No modern day director has as many accomplishments as Martin Scorsese. Although he has just recently won his first Oscar for The Departed (2006) he has had a wide array of accomplishments beginning with Mean Streets (1973). Although he directed several films prior to this one it was Mean Streets that left its mark on audiences. Among his most endearing films are Taxi Driver (1976), Raging Bull (1980), The Color of Money (1986), The Last Temptation of Christ (1988), and Alice Doesn't Live Here Anymore (1974), just to name a few of his earlier films.

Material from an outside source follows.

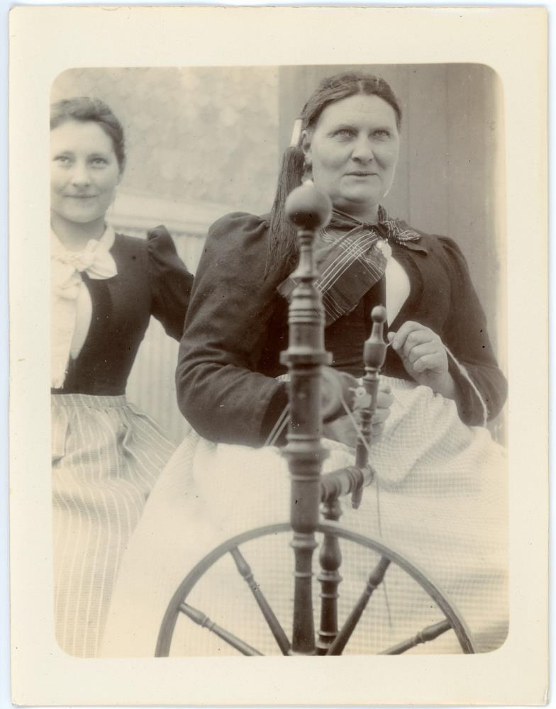 2 saman. Frú Margrét Zoëga, situr við rokkinn og spinnur, og Sveinlaug Halldórsdóttir, sem nú er kona Sigurðar gestgjafa/kaupfélagsstjóra Kristjánssonar í Hafnarfirði.

Scorsese was born in 1942 in Queens, New York who had aspirations to go into seminary school before enrolling at New York University where he graduated with a film major. In film school he directed several short films that eventually caught the eye of maverick filmmaker Roger Corman who would help produce his first feature Boxcar Bertha (1972), which would soon be followed by Mean Streets. It is in these early films that Scorsese's signature style of complex stories with loners with inner demons that showcase unrelenting violence. This can be seen in New York Stories (1989), Good Fellas (1990), and especially in Gangs Of New York (2002) and The Departed.

Not one to bark away from controversy especially when it comes to The Last Temptation of Christ or Kundun (1997), Scorsese has also done his share of remakes with Cape Fear (1991) and The Age of Innocence (1993) and the resent The Departed, which is a loose American remake to the Asian Infernal Affairs trilogy. He is also no stranger to the documentary format having directed The Last Walz (1978), Lady By The Sea: The Statue of Liberty (2004), and No Direction Home: Bob Dylan (2005), to name but a few.